Nijin, şaşkınlıkla bu gizemli kişiye baktı ve içinden bir tanıdıklık hissi uyandı. Zaman yolcusuna, "Seni nereden tanıyorum?" diye sordu. Zaman yolcusu gülümseyerek yanıtladı, "Ben zaman yolcusuyum ve gelecekte seninle tanışmıştık. Ancak şimdi, bir materyale ihtiyacım var."

Bu sözler Nijini daha da şaşırttı. Gelecekte birlikte olacaklarından bahsetmesi, heyecanını ve merakını artırdı. Zaman yolcusu, Nijine doğru yaklaştı ve ellerini birleştirerek ona derin bir göz temasıyla baktı. "Kılıcın tüm parçalarını topladığın için, o artık sana yol gösterecektir," dedi sakin bir ses tonuyla.
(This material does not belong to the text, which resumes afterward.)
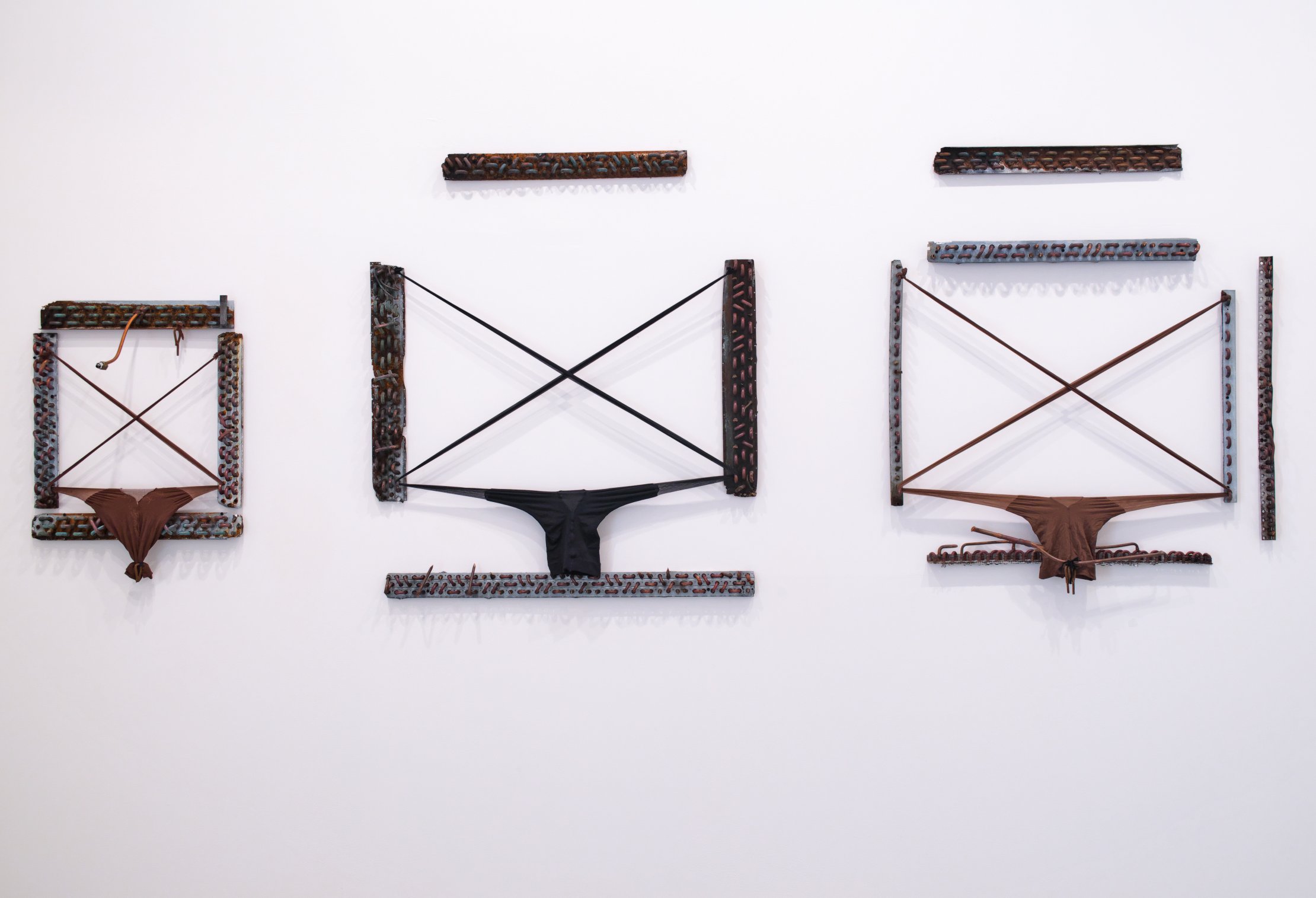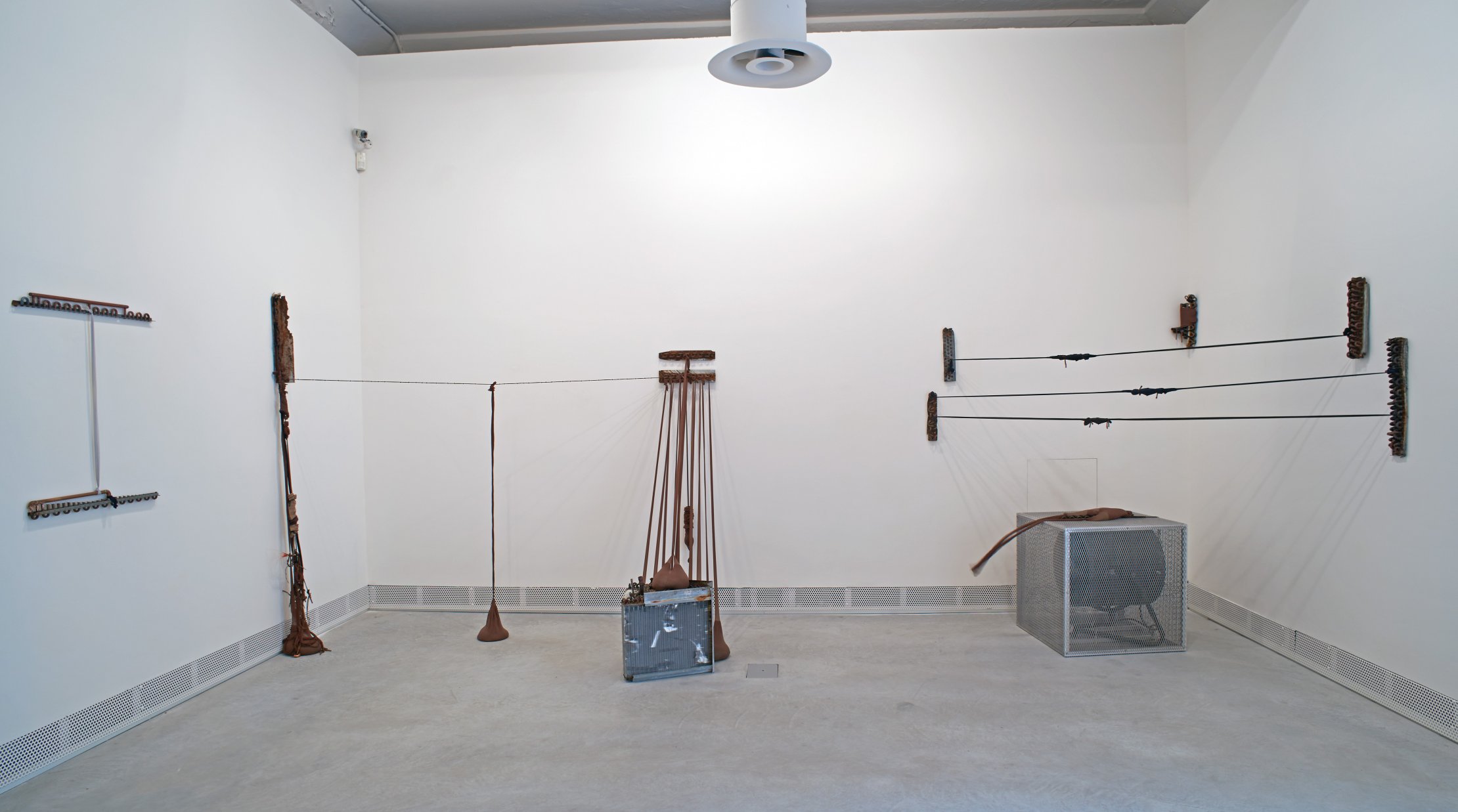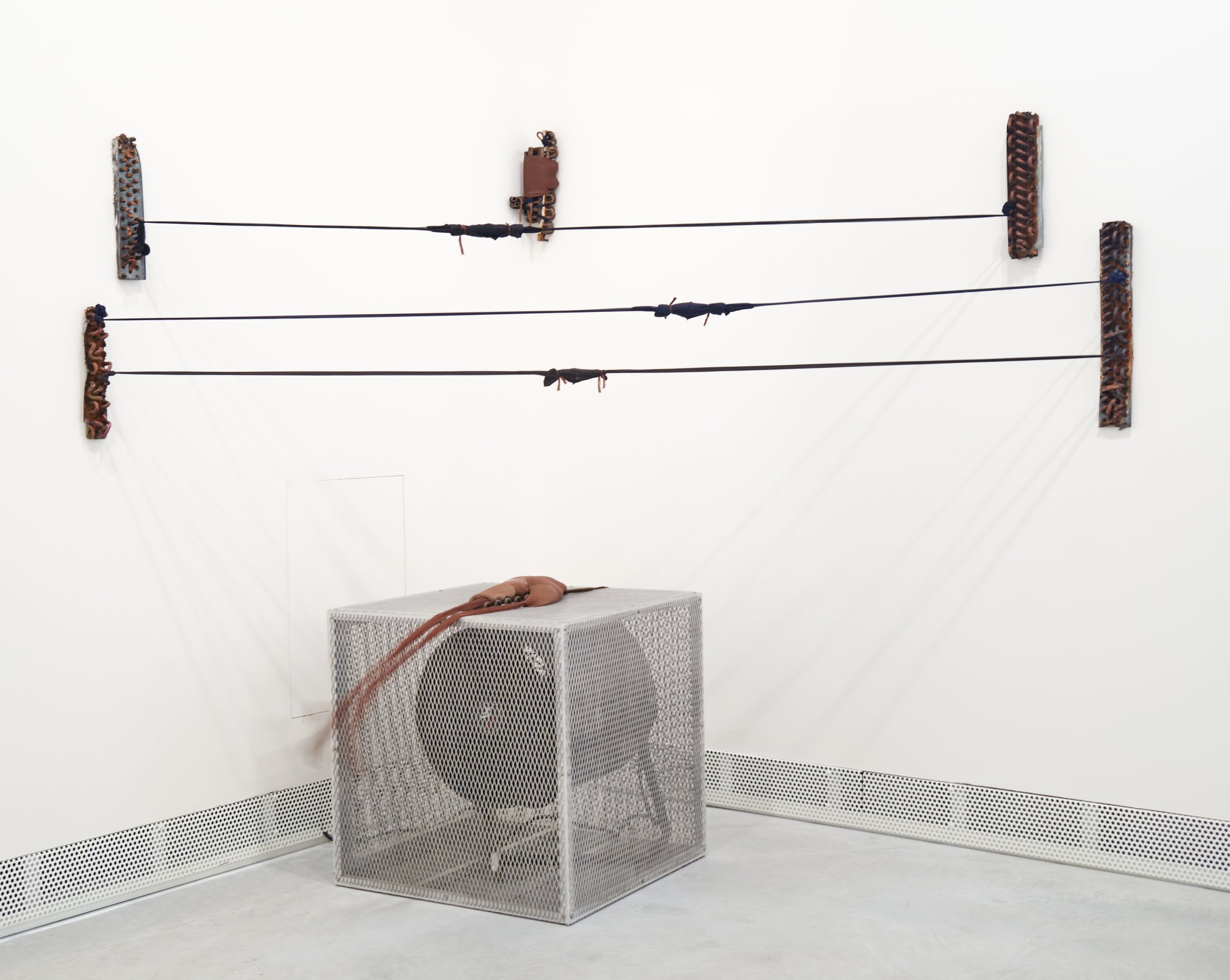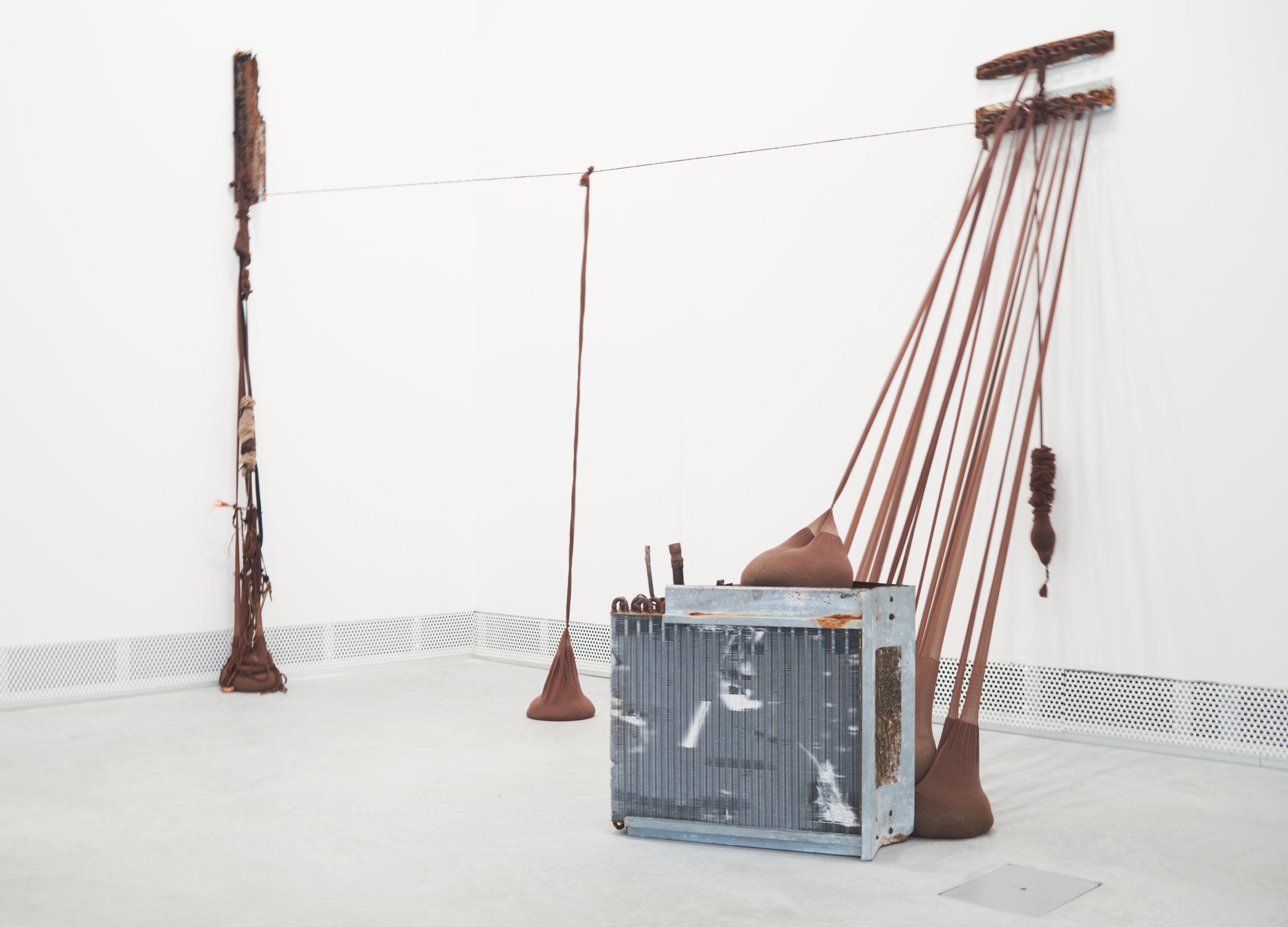 A.C.Q. (II), 2016-17. Refrigerator parts, nylon pantyhose. Left element: 27 × 20 in.

Birdenbire, bir harita ortaya çıktı ve zaman yolcusu hızla ip ve kalemi kılıca bağladı. Haritanın üstüne kılıcı koymaları gerektiğini söyleyerek, yolun izini çizeceğini belirtti. Bu sırada, Nijinin içinde karmaşık bir duygu dalgası oluştu. Hem heyecanlı hem de tedirgin hissediyordu.

Gelecekteki yolculuğunun ipuçlarını elde etmek için bu gizemli kişiye güvenmek zorundaydı. Kılıcı haritanın üzerine yerleştirdiklerinde, birdenbire harita parlamaya başladı ve şekli değişti. Işıklar dans eder gibi harita üzerinde hareket ediyor, anlaşılması güç semboller ve işaretler oluşturuyordu. Kılıç ise gözle görülemeyecek kadar hızlı bir şekilde hareket ederek haritanın tamamlanmasına yardımcı oldu. Bu anlatılamaz olaylar silsilesi, Nijin, Yone ve diğerlerini büyülü bir dünyaya götürüyordu.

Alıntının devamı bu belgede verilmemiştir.